Syntis Bio Aims to Transform Oral Therapy for Obesity, Diabetes, and Rare Diseases

Syntis Bio, Inc. has recently emerged as a clinical-stage biopharmaceutical company dedicated to creating oral therapies that aim to provide more accessible, effective, and sustainable healthcare solutions. The company's primary focus is on harnessing the unique biology of the small intestine, a crucial organ for metabolic control, digestion, and drug absorption. Syntis Bio is advancing a portfolio of programs targeting a range of metabolic diseases, from obesity to rare pediatric conditions such as homocystinuria (HCU) and maple syrup urine disease (MSUD).

The company was co-founded by industry veteran Rahul Dhanda alongside esteemed Massachusetts Institute of Technology (MIT) scholars Robert Langer and Giovanni Traverso. Syntis Bio's leading program, SYNT-101, is currently undergoing human trials. Additionally, the company is progressing several rare disease treatments towards Investigational New Drug (IND)-enabling studies. In 2023, Syntis Bio secured $15.5 million in seed funding from prominent investors, including Safar Partners, BOLD Capital Partners, Touchdown Ventures, Colorcon Ventures, and Portal Innovations.

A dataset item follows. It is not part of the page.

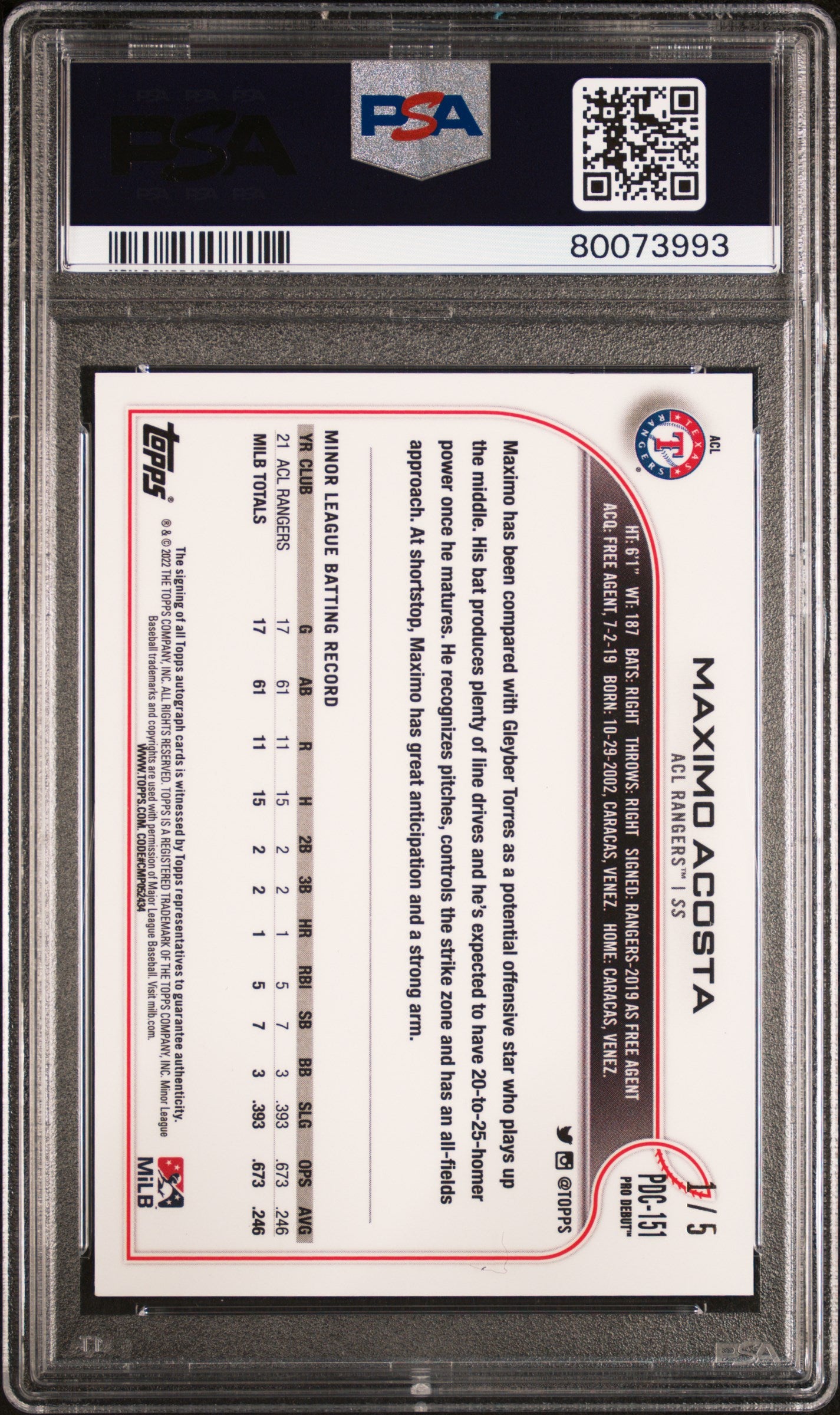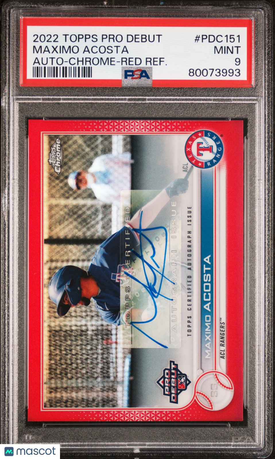 You are purchasing a Maximo Acosta 2022 Topps Pro Debut #151 Chrome Red Refractor /5 Auto PSA9 MINT. You will receive the exact card shown in the photos. CONDITION GUARANTEE We provide detailed, high-resolution photos of every card. What you see is exactly what you'll receive. COMPETITIVE PRICING NOTICE Our cards are priced competitively based on current market data and recent sales. We regularly review and adjust our pricing to ensure fair market value for both buyers and collectors. PAYMENT POLICY ATX Cards requires all payments within FOUR (4) DAYS of purchase. Failure to make payment will result in cancellation of the order. SHIPPING All items are packaged with professional protective materials using USPS First Class or Priority. FREE COMBINED SHIPPING on multiple purchases. ABOUT US Based in the heart of Texas, we're passionate about bringing the sports card hobby to life as collectors serving collectors. Whether you're chasing vintage gems from the golden era or ultra-modern slabs fresh from the latest releases, every card in our inventory is hand-selected and thoroughly examined to ensure authenticity, quality, and fair pricing. Listed With Mascot.

Commenting on the global obesity epidemic projected to affect 1.5 billion people by 2030, CEO Rahul Dhanda highlighted the limitations of current GLP-1 drugs in terms of accessibility, cost, side effects, and long-term maintenance. He expressed optimism about the promising results of SYNT-101 in human trials, noting that this once-daily pill could offer a convenient and accessible alternative or complementary therapy for obesity. By leveraging the small intestine’s therapeutic potential, Syntis Bio aims to address a wide array of health issues, from prevalent conditions like obesity and diabetes to rare diseases such as HCU and MSUD.

The SYNT-101 program works by mimicking the effects of gastric bypass surgery through a process known as duodenal nutrient exclusion. This mechanism blocks nutrient absorption in the upper part of the small intestine, redirecting nutrients to the lower small intestine, which stimulates the release of satiety hormones like GLP-1 and PYY. The current human trials aim to evaluate the pill's safety, tolerability, and efficacy in blocking nutrient absorption, with full results expected by the end of 2024. These findings will support Syntis Bio’s IND application with the U.S. Food & Drug Administration (FDA) in 2025.

The SYNT-101 pill is based on SYNT™ (SYNthetic Tissue-lining) technology, a polymer chemistry innovation developed by Drs. Langer and Traverso. This technology provides a temporary polydopamine coating to catalase-rich tissues in the gastrointestinal tract, which remains in place for up to 24 hours before being naturally cleared from the body. This versatile technology can achieve various therapeutic effects, including nutrient exclusion, gut-restricted enzyme installation, and enhanced drug bioavailability.

In April 2024, Syntis Bio expanded its pipeline by acquiring engineered enzyme therapies from Codexis, Inc. The company is now focusing on developing oral treatments for homocystinuria (SYNT-202) and maple syrup urine disease (SYNT-203). Both conditions lack approved disease-modifying therapies. Following successful non-human primate studies, Syntis Bio plans to submit an IND application for one of these treatments in 2025.

Syntis Bio is also working on next-generation formulations of SYNT-202 and SYNT-203, utilizing SYNT technology to enhance local therapeutic activity and duration. Additionally, the company is conducting discovery-stage research on solutions for pancreatic insufficiency and peptic ulcers.

The Syntis board of directors includes co-founders Dhanda, Langer, and Traverso, along with experienced strategists and company builders Teymour Boutros-Ghali and Martin Madaus. The company's mission is to develop oral therapies that optimize the small intestine's biology, offering treatments for both rare genetic disorders and common health conditions.